Сэр Вильямс вздрогнул, взглянул на Рокамболя и замолчал.
— Вы даже забываете из-за мести действительность… нам, бедным смертным, право, не следует думать так много о мести, когда гораздо выгоднее заниматься денежными делами.
— Что ты этим хочешь сказать?
— То, что вы жалеете больше о том, что нам не удалось уничтожить Роше и Роллана, чем о потере двух миллионов.
— Это правда, — пробормотал сэр Вильямс, — но я их так ненавижу!
— Все это так, — продолжал, нисколько не смущаясь, Рокамболь, — но ведь нельзя же нам из-за всякой дряни бросать серьезные дела… положим, что вы можете иметь право мстить Арману де Кергацу, который отнял у вас двенадцать миллионов франков, но с какой же стати нам забывать теперь наши интересы ради каких-нибудь Фернанов, Ролланов и тому подобных личностей, которыми мы могли бы заняться в свободное время.

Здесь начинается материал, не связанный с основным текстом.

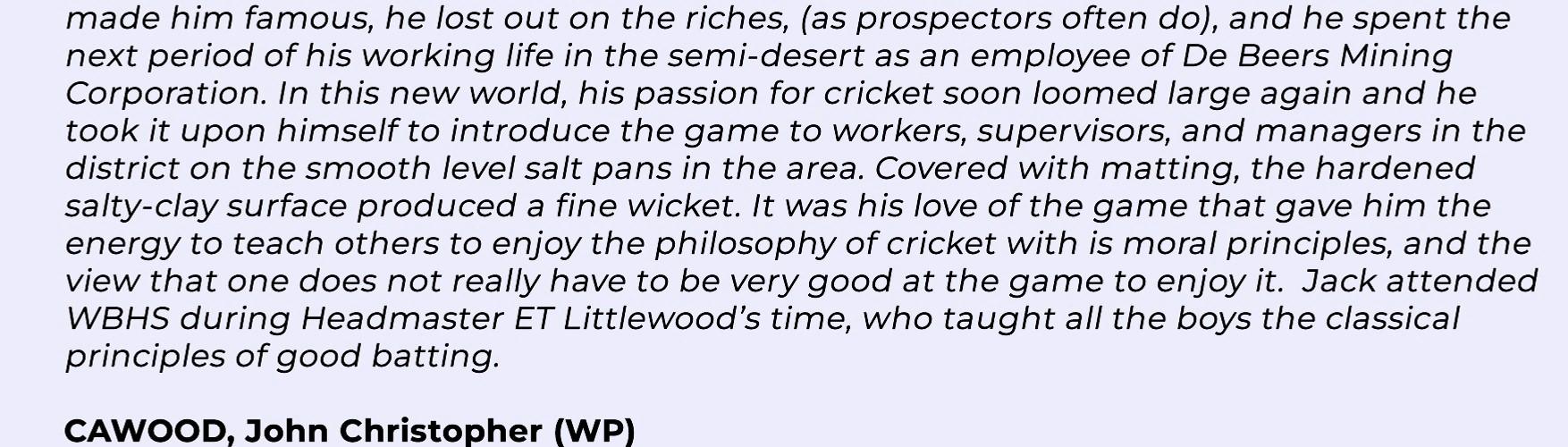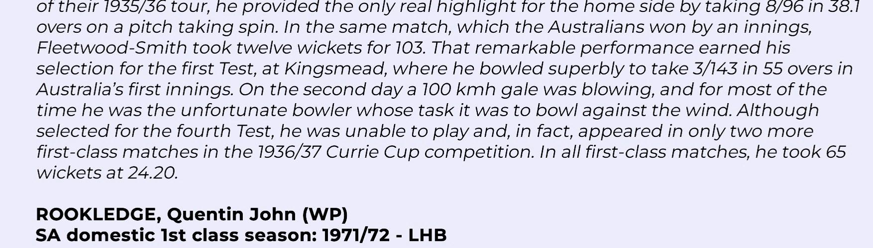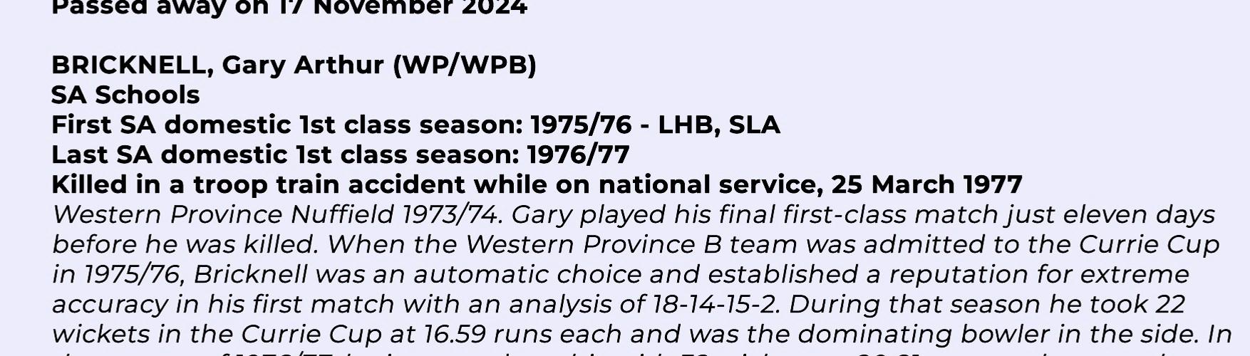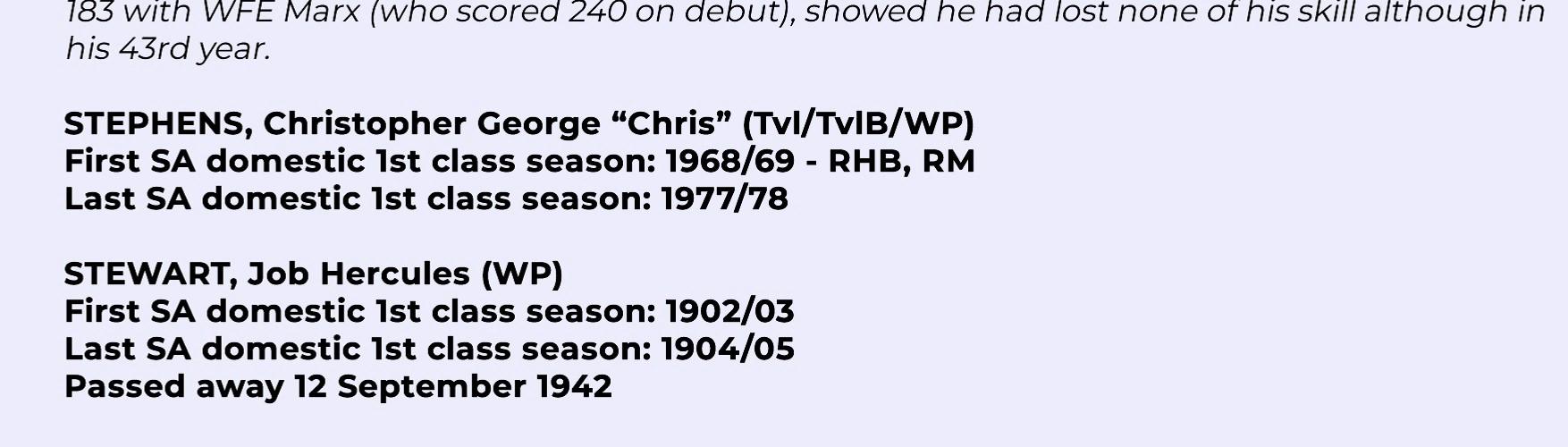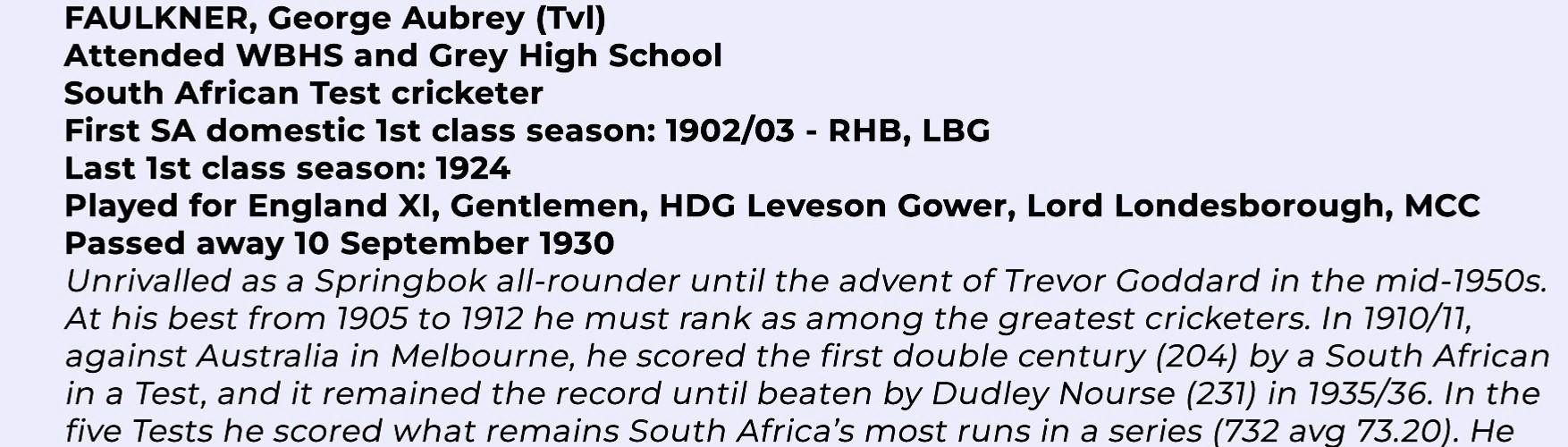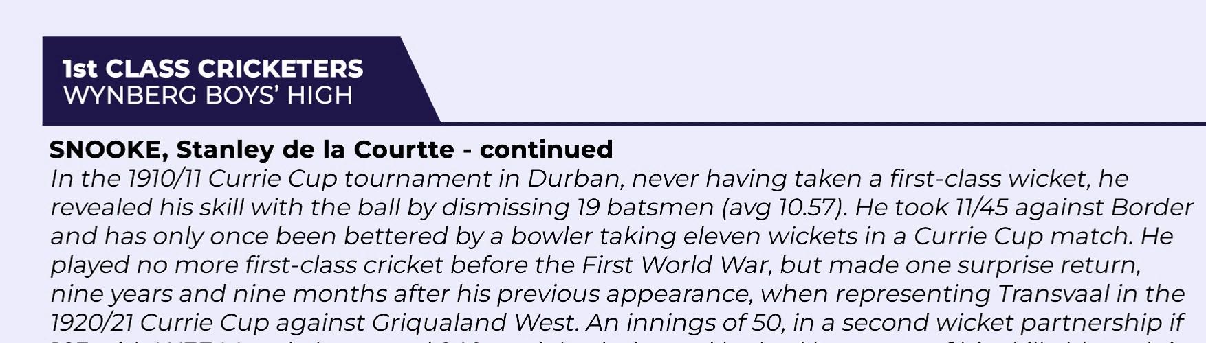 The full list of Wynberg Old Boys who've played first-class cricket, research courtesy Robin Isherwood. Register updated 6 December 2024: Matthew de Villiers debuts; we record the passing of Mike Bowditch; International status added for Jason Smith. #SuperaMoras
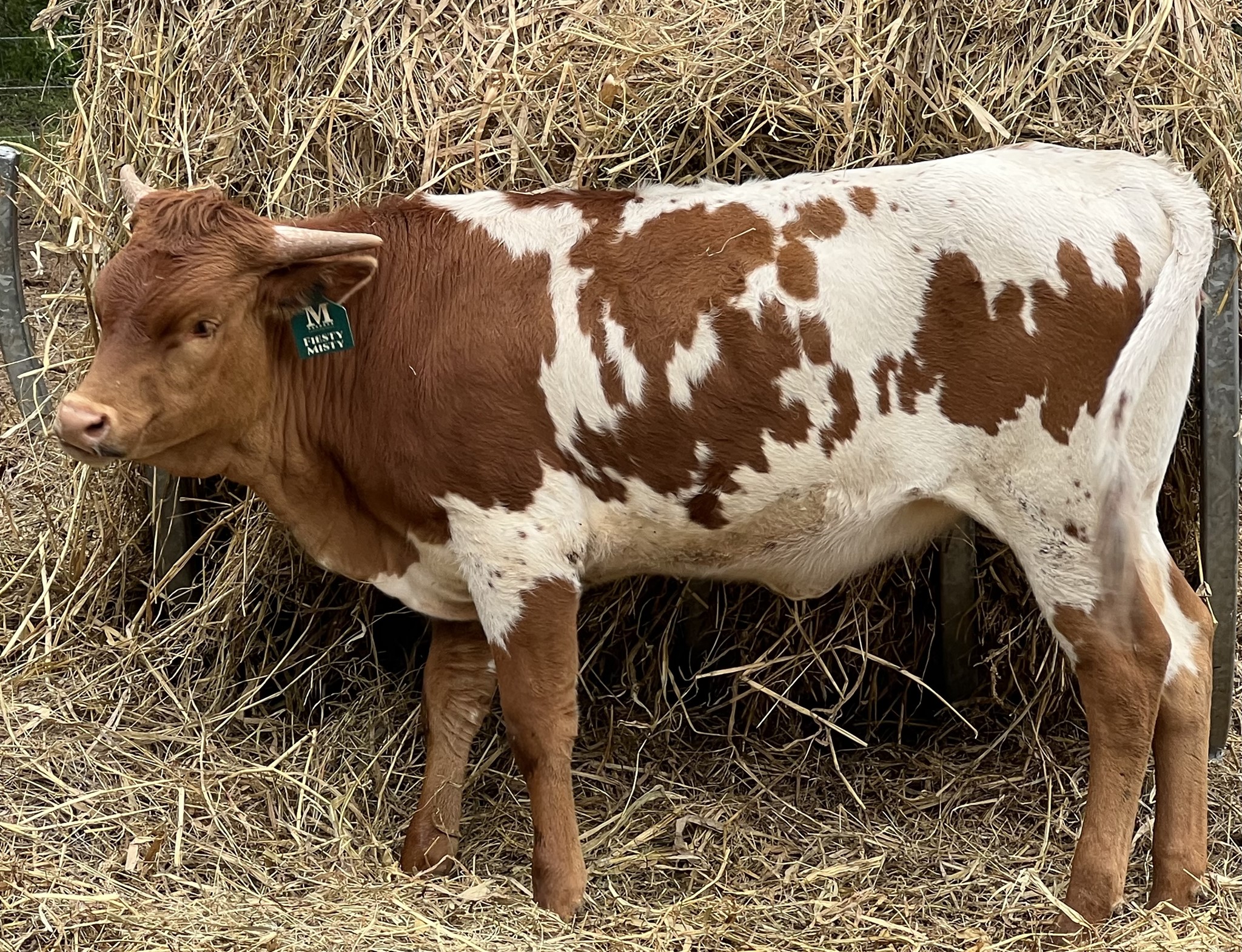 Multiple Futurity champion M7 Fiesty Misty is an amazing young producing cow. She had her second calf before 3 years old. Unfortunately she broke 6” off at a Futurity. The good news is she’ll be at M7 forever raising championship progeny!

И, сказав это, Рокамболь посмотрел самым вызывающим взглядом на своего начальника.
— Что же, наконец, нужно, по-твоему, делать? — спросил его сэр Вильямс.
— Черт побери, да думать о пяти миллионах прелестной Дай Натха.
Эти слова окончательно возбудили деятельность сэра Вильямса.
— Это верно, — сказал он.
— Нам нужно торопиться, дядя.
— Сколько дней тому назад Дай Натха приняла ад?
— Завтра будет четыре дня.
Сэр Вильямс подскочил на своем месте.
— Черт побери! — вскрикнул он. — Ты .вполне прав, племянник, что я все позабыл из-за этой ревности, и если только маркиза не умрет в течение этих трех дней, то тогда миллионы Дай Натха отправятся вслед за этими векселями.
— Итак, дядя, — заметил Рокамболь, — оставим на время Баккара в покое.
— Да, это нужно так сделать.
— Кстати, узнала она вас?
— Нет.
— А как вы думаете, подозревает она вас?
— А, ну это совсем другое дело, я ничего не могу сказать ни за, ни против — эта женщина держит себя очень таинственно.
— Эта таинственность будет скоро разоблачена.
— Кем?
— Шерубеном.
— Ты думаешь?
— Положительно… он был у нее уже два раза, и всегда по вечерам.
— Боже! — воскликнул сэр Вильямс. — В таком случае это ясно, что мы разгаданы.
— Почему так?
— Да потому что Баккара, может быть, уже напала на следы дела Ван-Гоп. Неужели ты думаешь серьезно, что она может любить Шерубена?
— Черт побери! — проворчал Рокамболь. — Об этом нужно подумать.
Сэр Вильямс молчал и сидел задумавшись.
— Мое мнение, — проговорил он наконец, — что нам необходимо как можно скорее отделаться от Баккара, иначе мы погибли.
— Аминь! — произнес Рокамболь.
— Мой милый друг, — начал через несколько минут сэр Вильямс, — ты видишь, что я опять сделался, как ты говоришь, вполне положительным человеком.
— Вот как, — пробормотал Рокамболь насмешливым голосом.
— Ну-с, итак, я предполагаю, что нам необходимо поскорее отделаться от Баккара… теперь надо только придумать средство для этого.